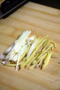 把老姜洗净切成丝,小葱洗净切小段,淀粉加水调成水淀粉备用
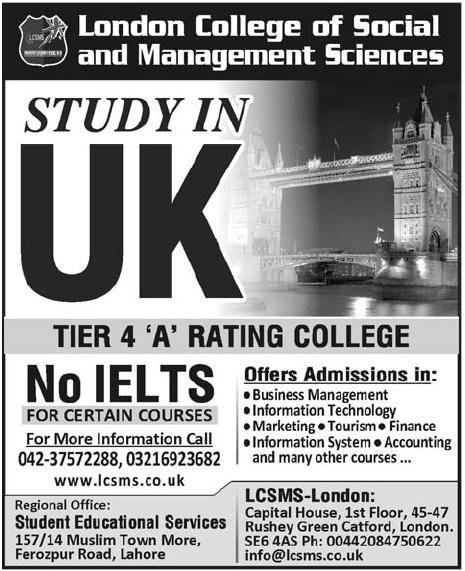 Study in UK London College Of Social and Management Sciences Read newspaper ad for exact details.
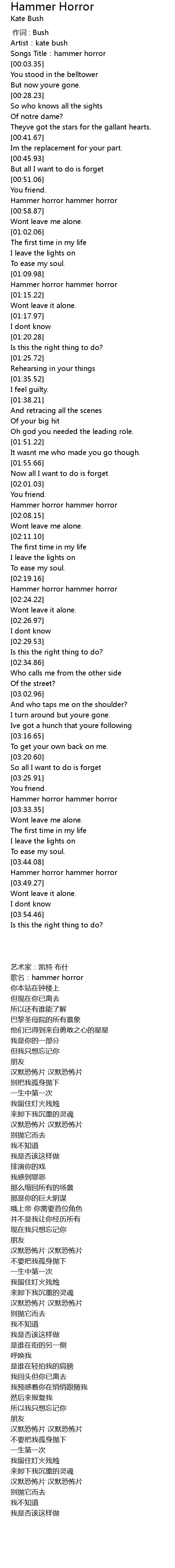 | [00:00.91] | Artist:kate bush |
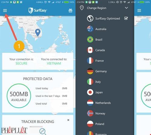 Android: Cài đặt ứng dụng SurfEasy tại https://goo.gl/khC08b. Khi hoàn tất, bạn hãy tạo cho mình một tài khoản miễn phí, truy cập vào menu của ứng dụng ở góc trên bên trái, chọn Change Region để lựa chọn máy chủ VPN tương ứng (lưu ý, người dùng nên chọn các máy chủ có vị trí ở gần để có tốc độ tốt nhất).
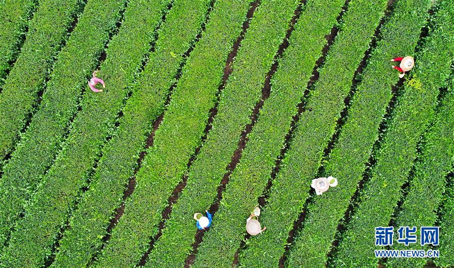 5月17日,村民在新院村茶葉基地采摘夏茶(無(wú)人機(jī)照片)。新華社記者王全超攝
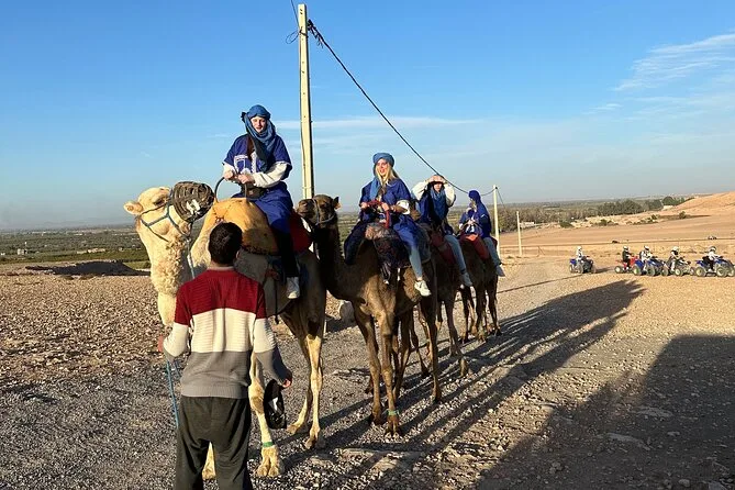 Your day includes hotel pickup and drop-off from Marrakesh by air-conditioned minivan or minibus; one hour each of camel riding (with nomadic dress) and quad biking (with equipment); bottled water and soda; plus a traditional Moroccan dinner with salad, tajine, fruits and Moroccan tea before heading back in the evening.
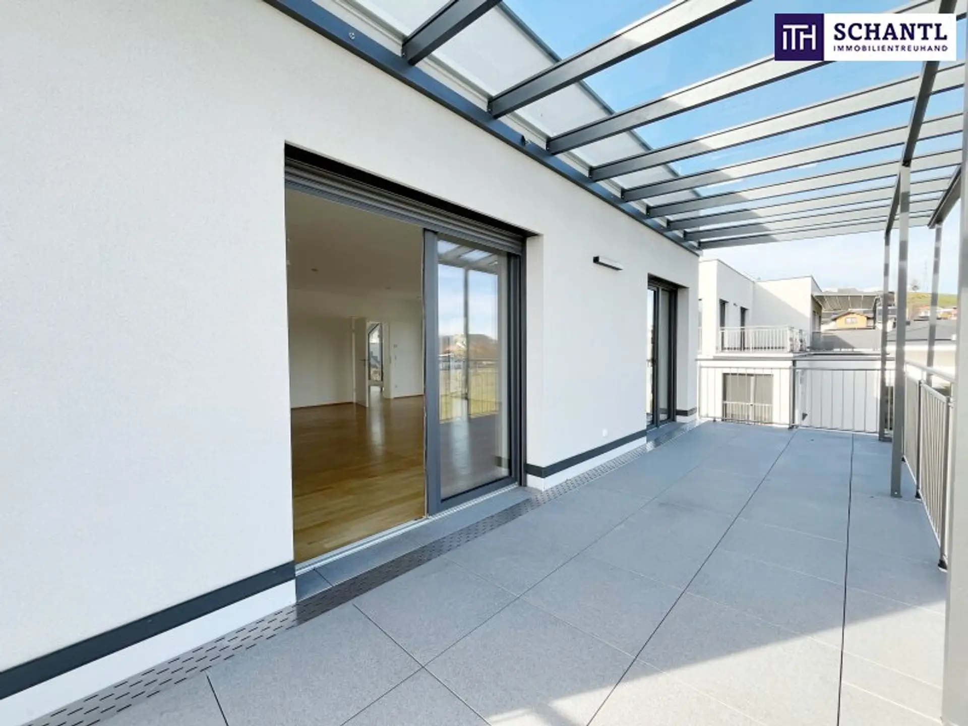 * 360°-Panorama-Dachterrasse mit ungefähr 60m², Wasseranschluss und Blick über die steirischen Weinberge
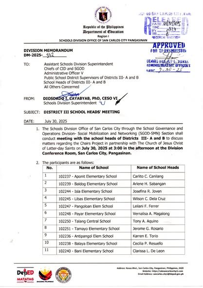 Division Memorandum No. 332 s, 2025 – DISTRICT III SCHOOL HEADS’ MEETING
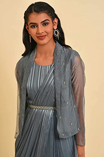 Wishful Women's Polyester Grey Festive PreDrape Saree with Short Jacket Calf Length Dress 23FESP11196-216592
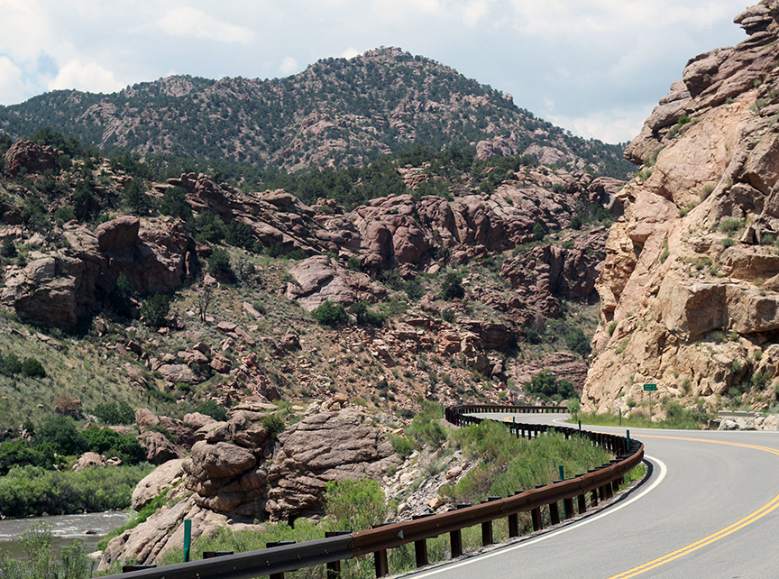 The highway traveling south along the Arkansas River in central Colorado. The pinkish along the road are metamorphic pink granite. I took this route when diverted off of I-70 because of mudslides in Glenwood Canyon during July 2021.
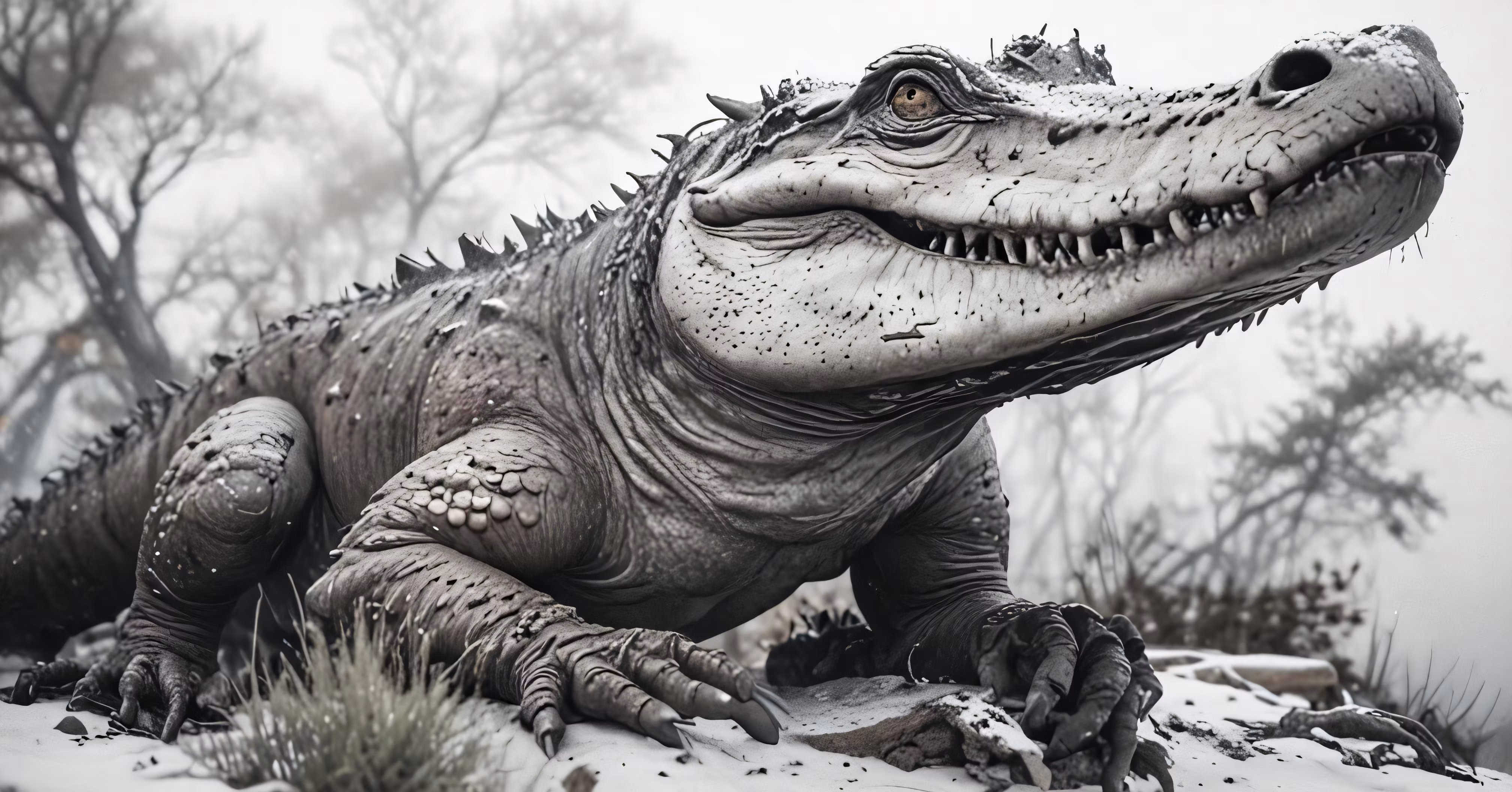 High resolution picture, free to use, the statue of an alligator is in a wooded area

Exercise -
Reproduce the listing above from the line that holds "die steirischen Weinberge" through the line that holds "Wishful Women's Polyester", both included, with the pictures left out.

Problem solution -
 * 360°-Panorama-Dachterrasse mit ungefähr 60m², Wasseranschluss und Blick über die steirischen Weinberge
 Division Memorandum No. 332 s, 2025 – DISTRICT III SCHOOL HEADS’ MEETING
 Wishful Women's Polyester Grey Festive PreDrape Saree with Short Jacket Calf Length Dress 23FESP11196-216592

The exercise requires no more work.